The final claim we want to look at is that PBT2 “reduced atrophy of brain tissue in areas affected in Huntington disease”.
Some Reach2HD volunteers had two brain scans to measure the brain shrinkage, or ‘atrophy’, that HD patients experience. Reduced atrophy sounds great! But what did they actually show?
Believe it or not, the atrophy results described in the press release are only based on the brain scans of two patients from each group!
We’re genuinely amazed that this analysis was done in such a small number of volunteers. And we’re even more amazed that Prana has chosen to report this as a positive finding from the study.
Two in people from each group is nowhere near enough people to even begin to understand what’s happening with atrophy. It typically takes dozens of volunteers to be able to even detect brain shrinkage due to HD over six months, let alone measure the tiny difference a drug might be making.

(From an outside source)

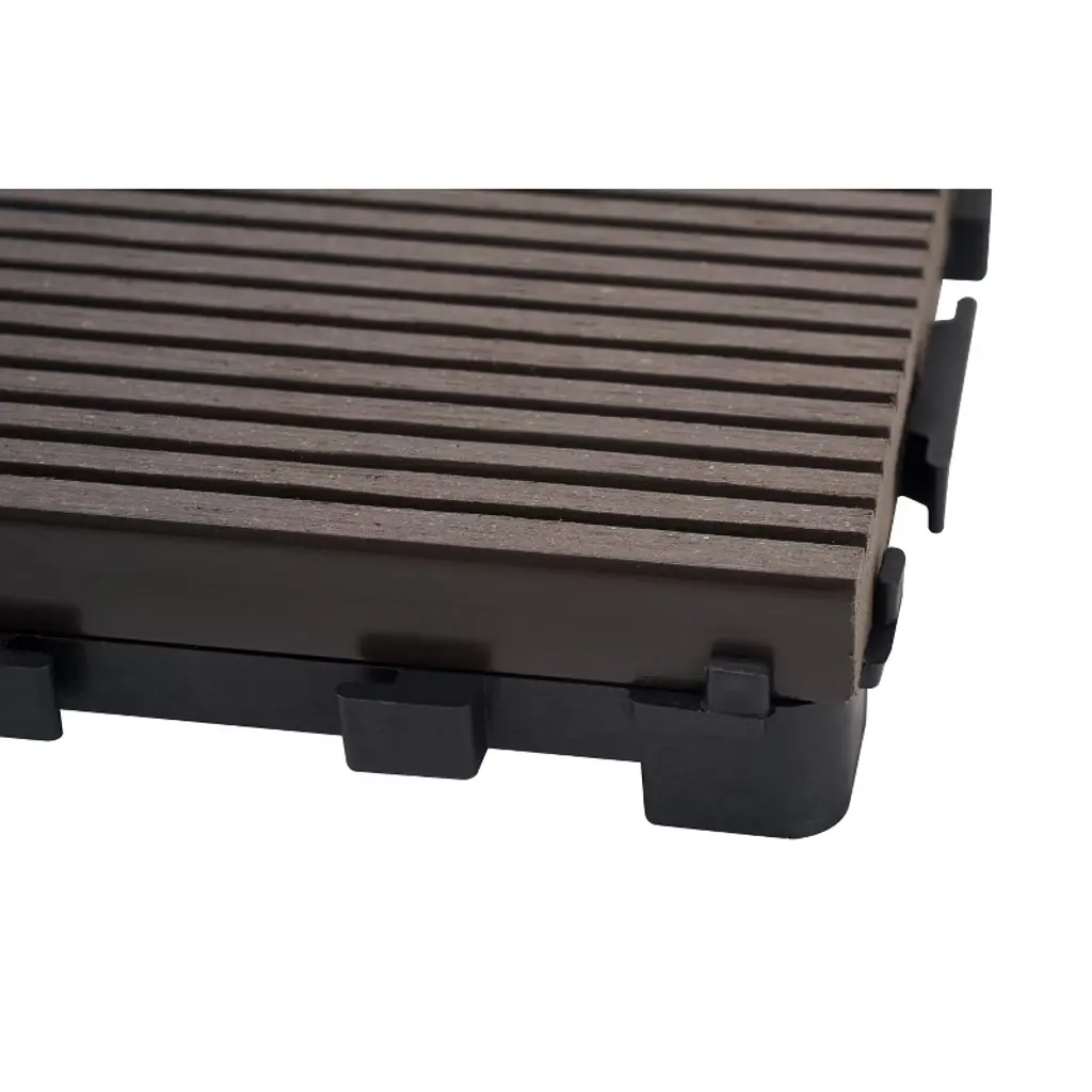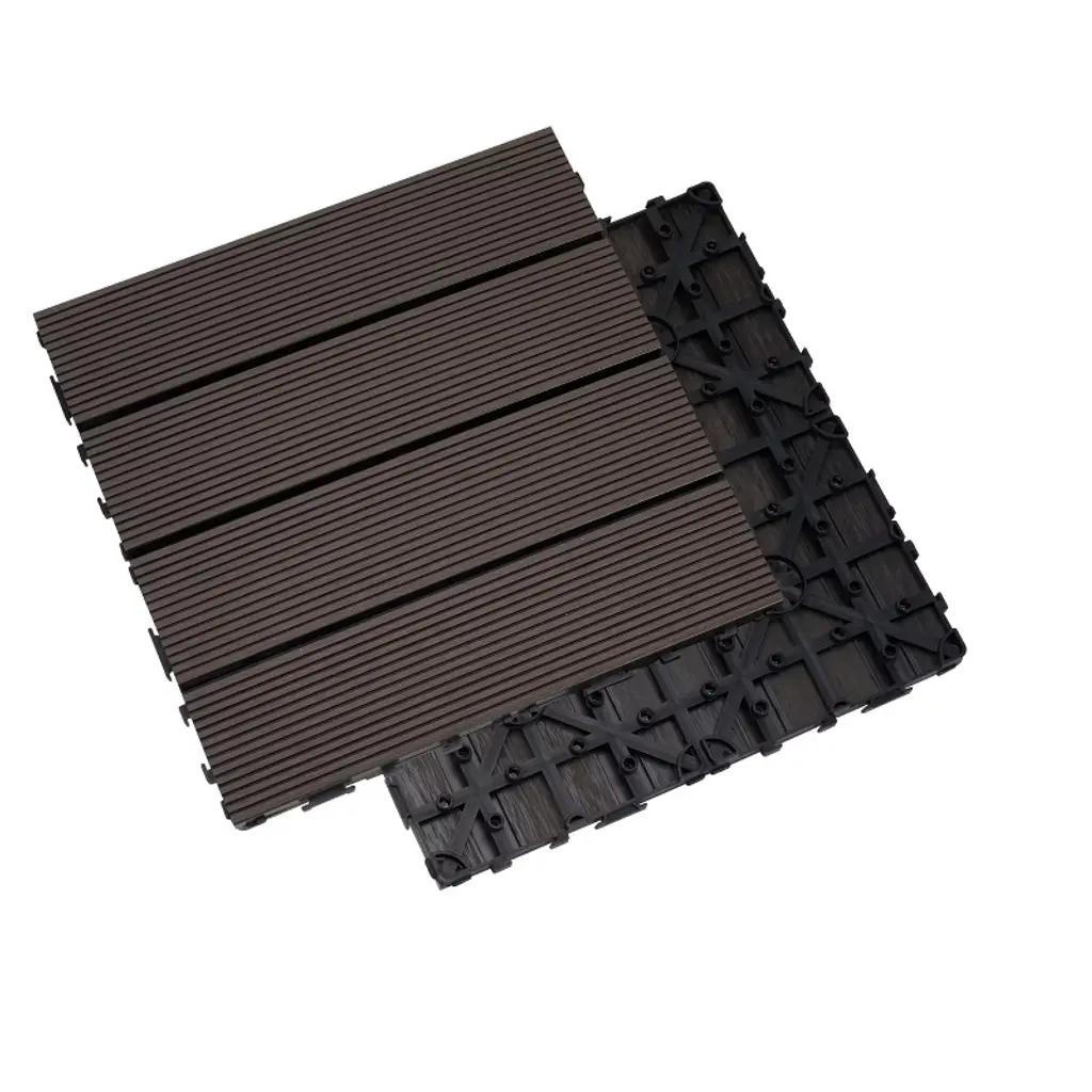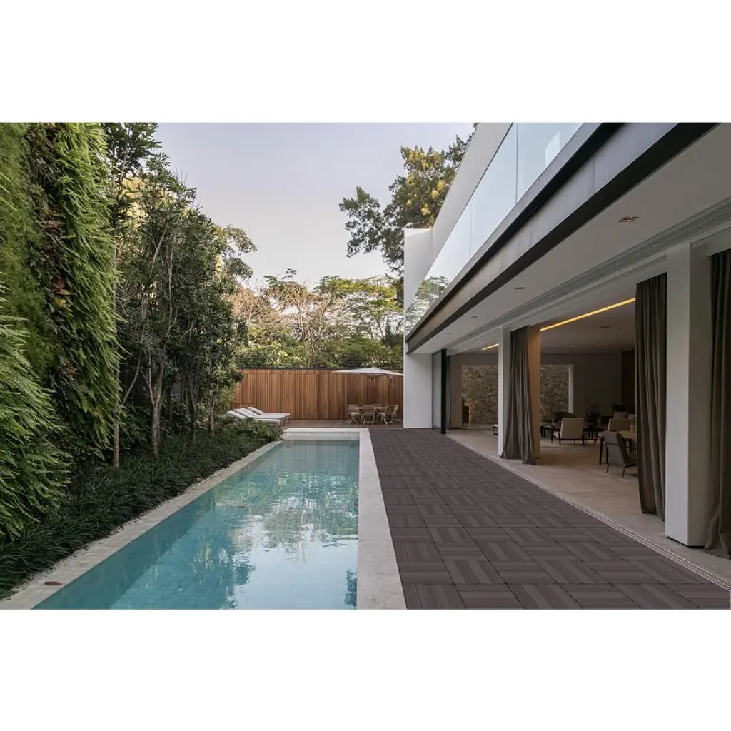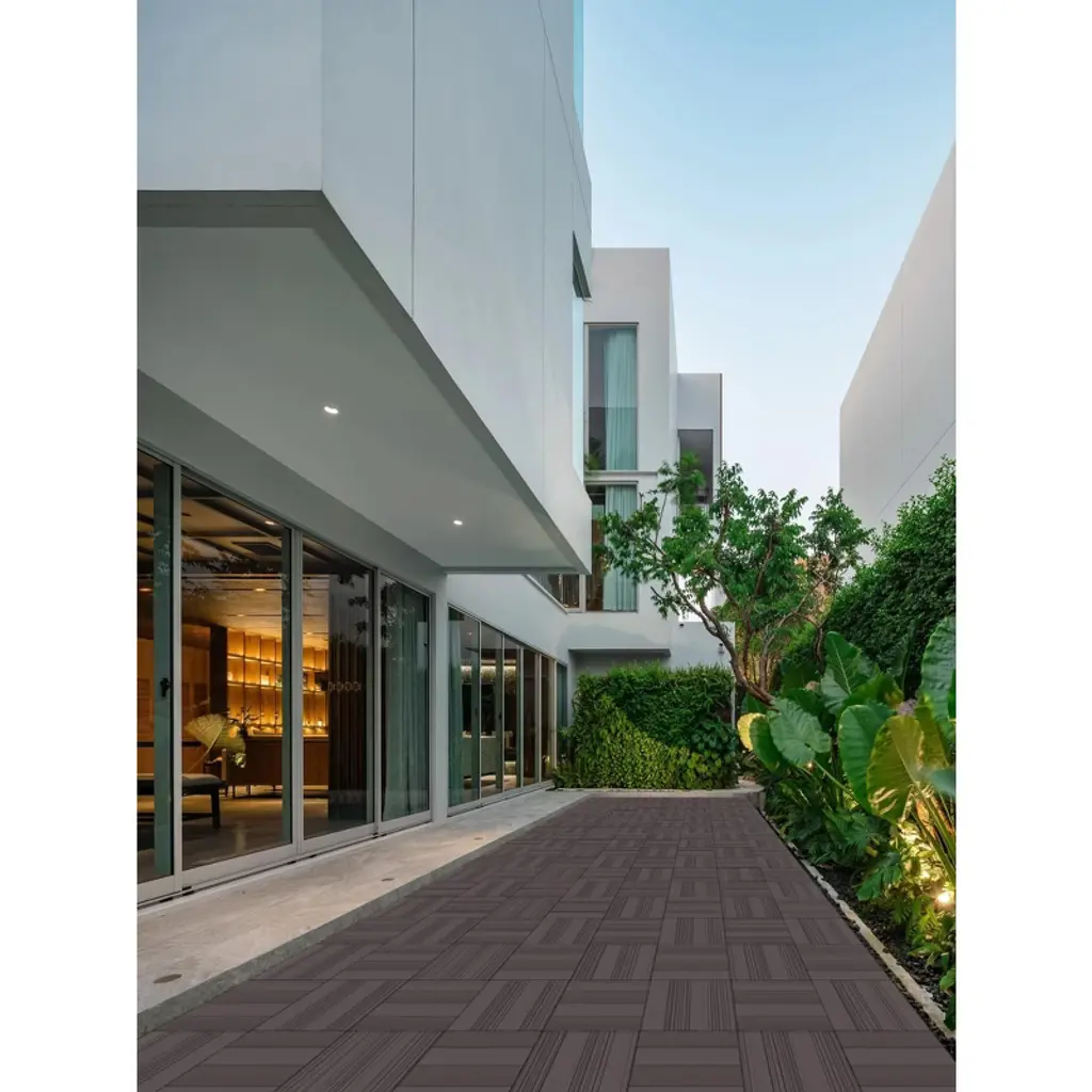 These 11.8" x 11.8" interlocking deck tiles are made from premium wood-plastic composite with a durable PE base for drainage and stability. Each tile is secured with 32 stainless screws, supporting up to 700 lbs while offering excellent water, slip, and UV resistance. Eco-friendly and FSC/GRS certified, these tiles are perfect for both indoor and outdoor use. With a simple interlocking design, installation is quick and tool-free, making them ideal for patios, balconies, pools, and more.

The claim that brain atrophy was reduced by PBT2 is clearly unsupported by the described data. We’ll have to wait for an analysis of the entire data set before seeing whether this claim is actually true.
This bold claim is another reason why we view the press release with skepticism and some disappointment.
We think two conclusions can safely be drawn from the Reach2HD press release.
First, that the drug is safe enough to proceed to larger trials.
Second, that the claims of cognitive, functional and imaging benefits are not supported by enough evidence to place much confidence in them.
We’re as enthusiastic as anyone for drugs to benefit HD patients. Your humble author, for instance, is an HD researcher and research volunteer who happens to carry the HD mutation himself.
To be clear: we’re not saying the Reach2HD press release contains untruths. But, in our opinion, it does contain statements that overemphasise the positives in the trial’s results, play down the negatives, and are likely cause false hope in HD families.
We’re all for hope, but we’d rather have cautious optimism than hype and false hope.
We’re also keen to see a larger, phase 3 trial of PBT2. But first, we call on Prana and the HSG to submit the trial results to the proper scientific scrutiny of a peer-reviewed publication so that researchers and HD family members can see and evaluate the full data set.
Meanwhile, we recommend that HDBuzz readers arm themselves for reading future press releases with our Ten Golden Rules for Reading a Scientific News Story.